Hal ini tentunya sangat bertentangan dengan public choice. Public choice

yang memandang bahwa perumusan kebijakan publik sebagai pasar,

menganalogikan bahwa pemerintah selaku produsen, PT. pertamina (birokrasi)

sebagai distributor dan Masyarakat sebagai konsumen. Pemerintah sebagai penentu

kebijakan, dari mulai harga, kuota, besaran subsidi, dll mempunyai otoritas peneuh

dalam menentukan hal-hal tersebut dan tentunya memiliki kepentingan tersendiri

ketika membuat sebuah kebijakan. PT. pertamina selaku distributor tentu juga

mempunyai kepentingan dan berusaha memaksimalkan keuntungan pribadi, baik

secara ekonomi, politis, dan lingkungan. Sedangkan masyarakat selaku konsumen

juga harus dipandang bahwa mereka mempunyai kepentingan-kepentingan individu

serta berusaha untuk memaksimalkan keuntungannya.

Masyarakat sebagai konsumen tidak dapat dianggap sebagai satu kesatuan.

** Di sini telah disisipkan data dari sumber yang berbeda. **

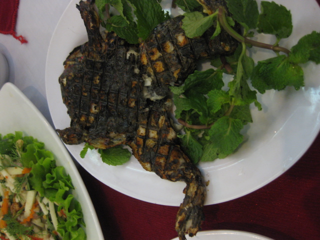 JUGEMテーマ:雑学JUGEMテーマ:海外旅行 総合JUGEMテーマ:アジアのニュースJUGEMテーマ:日記・一般JUGEMテーマ:ベトナムスタッフとベトナム料理に行きました。ベトナム料理にも色々地方料理が有りますが、この店は何処の料理かは聞きませんでした。 注文はすべてスタッフ任せで、途中この姿は【かえる】メニューにはカエル料理にねずみ料理もありましたが、今回はねずみ料理は勘弁してもらいましたその他魚料理は、1匹のから揚げ、もちろん川魚で、食べて後は味は、どちらも淡白な味でした。値段は安かったです。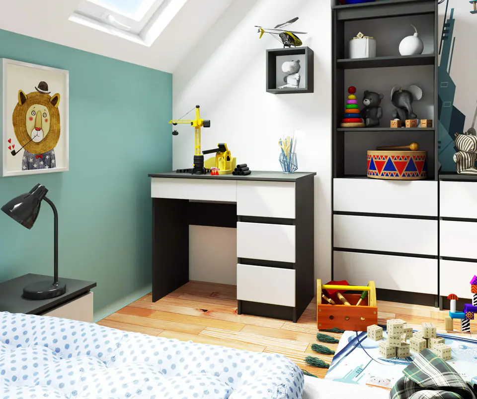 Do biurka można dopasować inne elementy wyposażenia, takie jak regał, szafa czy biurko, dzięki którym będzie możliwe stworzenie funkcjonalnego, ponadczasowego pokoju dziecięcego, młodzieżowego lub domowego gabinetu. Meble pochodzące z kolekcji łączą w sobie solidną konstrukcję, uniwersalny design, wykonanie z dbałością o szczegóły oraz łatwość codziennego użytkowania.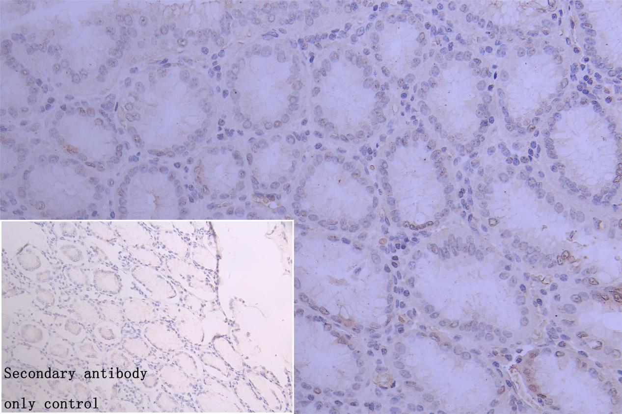 IHC image of CSB-PA017303LA01HU diluted at 1:50 and staining in paraffin-embedded human stomach tissue performed on a Leica BondTM system. After dewaxing and hydration, antigen retrieval was mediated by high pressure in a citrate buffer (pH 6.0). Section was blocked with 10% normal goat serum 30min at RT. Then primary antibody (1% BSA) was incubated at 4°C overnight. The primary is detected by a Goat anti-rabbit polymer IgG labeled by HRP and visualized using 0.05% DAB. Secondary antibody only control: uses 1% BSA instead of primary antibody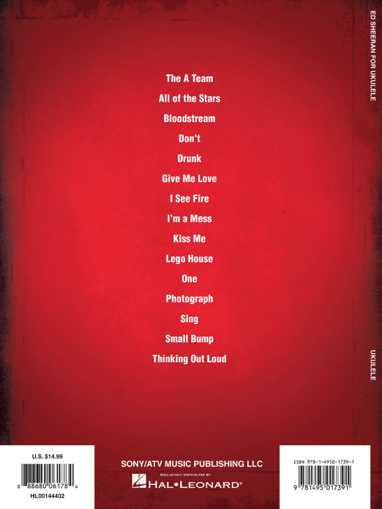 15 of the hottest hits by this British singer/songwriter in arrangements you can strum & sing on the uke, including: The A Team • Don't • Lego House • Sing • Thinking Out Loud • and more.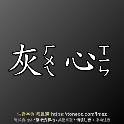 灰心,注音ㄏㄨㄟ ㄒㄧㄣ,拼音huī xīn,辭典解釋為:受到挫折而意志消沉、喪失信心。例:我們不可因為小小的挫折便灰心喪志。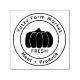 Pumpkin within double circle border. Your own business name and tagline or location encircles the center picture with customizable word "Fresh" below pumpkin symbol.

Mereka adalah kumpulan dari individu yang mempunyai kepentingan yang

berbeda-beda. Sehingga mereka akan membentuk suatu kelompok yang mungkin

saja kekuatan kelompok yang mereka buat akan melebihi jumlah anggota

kelompoknya. Misalnya kelompok buruh, kelompok pengusaha, kelompok tani,

kelompok mahasiswa, dll. Kelompok-kelompok ini seringkali menggunakan

kekutannya untuk menyuarakan kepentingannya dan menentang kebijakan yang

dianggap tidak menguntungkan baginya dan kelompoknya. Misalnya, pada kasus

kenaikan BBM banyak sekali kelompok buruh yang turun ke jalan menuntut

kenaikan upah buruh karena upah saat itu tidak mampu mencukupi kebutuhan-

kebutuhan hidupnya dikarenakan harga barang-barang yang semakin tinggi akibat

kenaikan BBM. Begitu pula kelompok tani yang turun ke jalan menentang adanya

kenaikan harga solar karena akan berdampak pada produksi berasnya. Sebab bahan

bakar utama mesin-mesin yang mereka gunakan untuk memproduksi hasil

pertanian adalah solar.

Di Indonesia sendiri yang tak kalah menjadi perhatian penting adalah

kepentingan pihak produsen yang dalam hal ini pemerintah selaku pembuat

kebijakan harga BBM. Pemerintah mempunyai andil yang besar dalam

pengambilan keputusan terkait kebijakan ini. Pilihannya hanya ada dua, yakni

menaikkan atau tidak. Tentu dengan konsekuensi masing-masing yang harus

diperoleh pemerintah. Konsekuensi jika BBM tidak dinaikkan adaah pemerintah

harus siap mengeluarkan anggaran yang lebih besar lagi untuk alokasi subsidi BBM

serta harus berusaha untuk terus mengendalikan konsumsi BBM di masyarakat.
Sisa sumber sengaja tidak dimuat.